- _Requirement_
Leaving the pictures aside, return the listing exactly as it appears.

- _Data block_
== Segment start ==
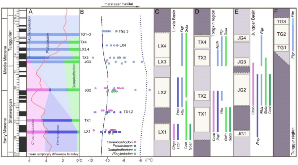 中国北方早–中中新世三类长颌象的相对丰度、牙釉质同位素值以及不同地点象类化石组合和相应的生物年代(图源:李春晓)。中国科学院古脊椎所供图
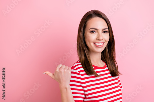 Cropped photo of young woman happy positive smile point thumb empty space sale promo advice ad isolated over pink color background
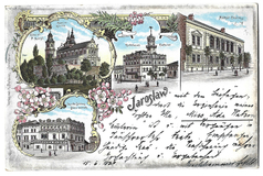 [JAROSŁAW]. Pozdrowienie z Jarosławia. K. u. k. Militär-Casino, Ratusz, Stacya kolejowa, Panny Marya [!].
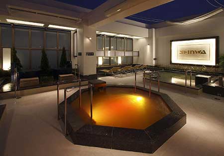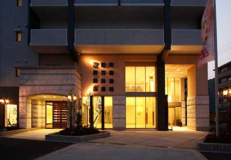 ルネス工法による総戸数101戸の賃貸マンション 温泉施設「ひなたの湯」
== Segment end ==
- _Exercise response_
 中国北方早–中中新世三类长颌象的相对丰度、牙釉质同位素值以及不同地点象类化石组合和相应的生物年代(图源:李春晓)。中国科学院古脊椎所供图
 Cropped photo of young woman happy positive smile point thumb empty space sale promo advice ad isolated over pink color background
 [JAROSŁAW]. Pozdrowienie z Jarosławia. K. u. k. Militär-Casino, Ratusz, Stacya kolejowa, Panny Marya [!].
 ルネス工法による総戸数101戸の賃貸マンション 温泉施設「ひなたの湯」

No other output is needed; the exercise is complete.